Book Club
The Outward Mindset Ch. 6, 7, and 8
"I stopped giving myself a pass."
That single line from Chris Wallace's story hits like a gut punch. When we justify our poor treatment of others by pointing to their behavior, we're not holding them accountable—we're giving ourselves permission to be the worst version of ourselves. Chris spent years blaming his father for ruining his life until a seventeen-year-old helped him see the truth: "I see people the way I see them because of me."
This session dives into some of the most personally challenging material in The Outward Mindset. Participants share vulnerable stories about fractured family relationships—interracial marriage tensions, estranged parents, colleagues they've written off—and confront an uncomfortable pattern: we claim the moral high ground while ignoring our own contribution to the problem. We become "judge, jury, and executioner" deciding who deserves good treatment.

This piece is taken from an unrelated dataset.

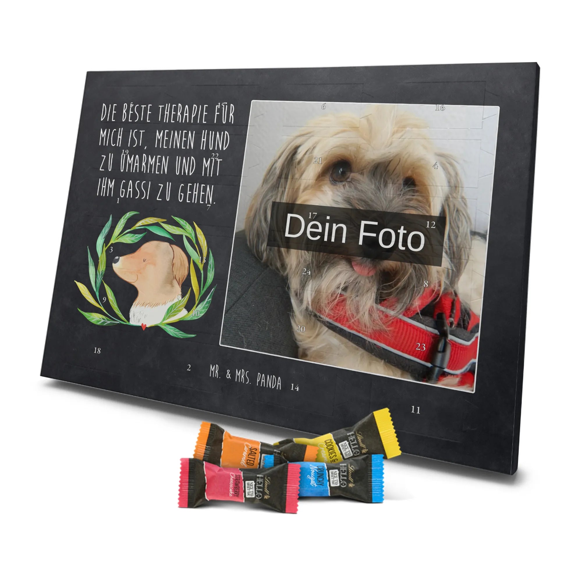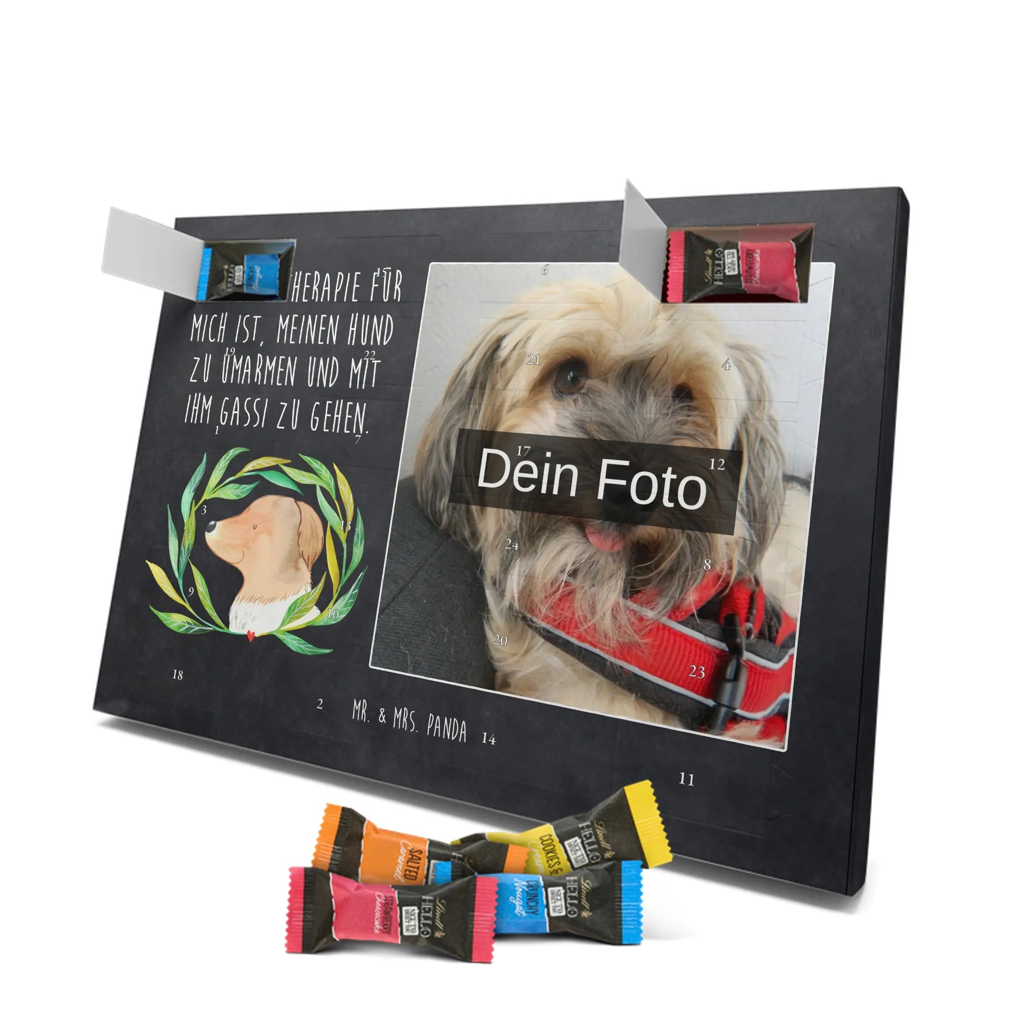 🐼 PERSONALISIERTES ADVENTS-SCHOKOKALENDER: Foto, Mr. & Mrs. Panda Motive & Lindt Hello Minis vereint.
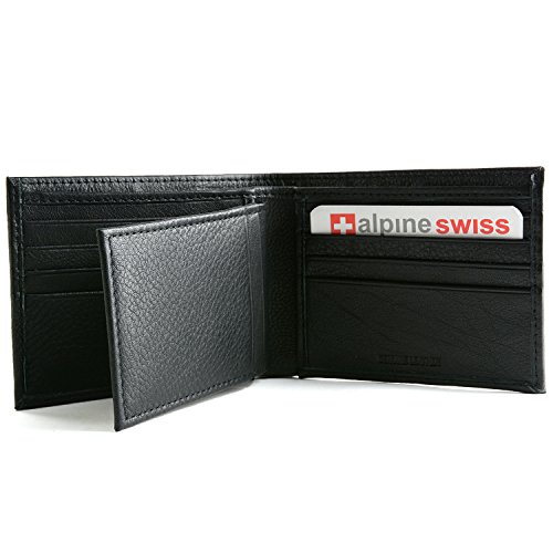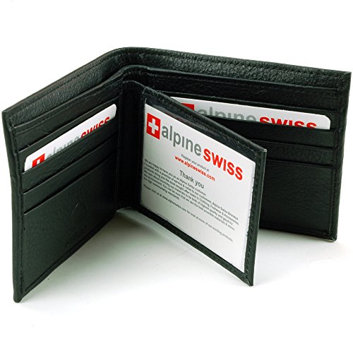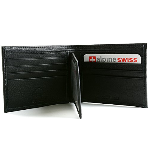 Alpine Swiss Men's RFID Blocking Leather High Capacity Bifold Wallet Black

The conversation shifts to organizational cost. Every person burning energy seeking justification does so at the expense of their contribution. It's time-wasting, silo-creating, and monetarily staggering. But what would "crazy outward" look like? A debt collection company that rewards employees for free services provided rather than debt collected. A corrections system modeled on Norway's "principles of normality" where officers and residents cook and eat together. A technology director rebuilding trust one spoonful at a time after leadership turnover decimated team morale.
The throughline: sustainable success requires relationship excellence as the foundation. Without it, even task excellence stands on feet of clay.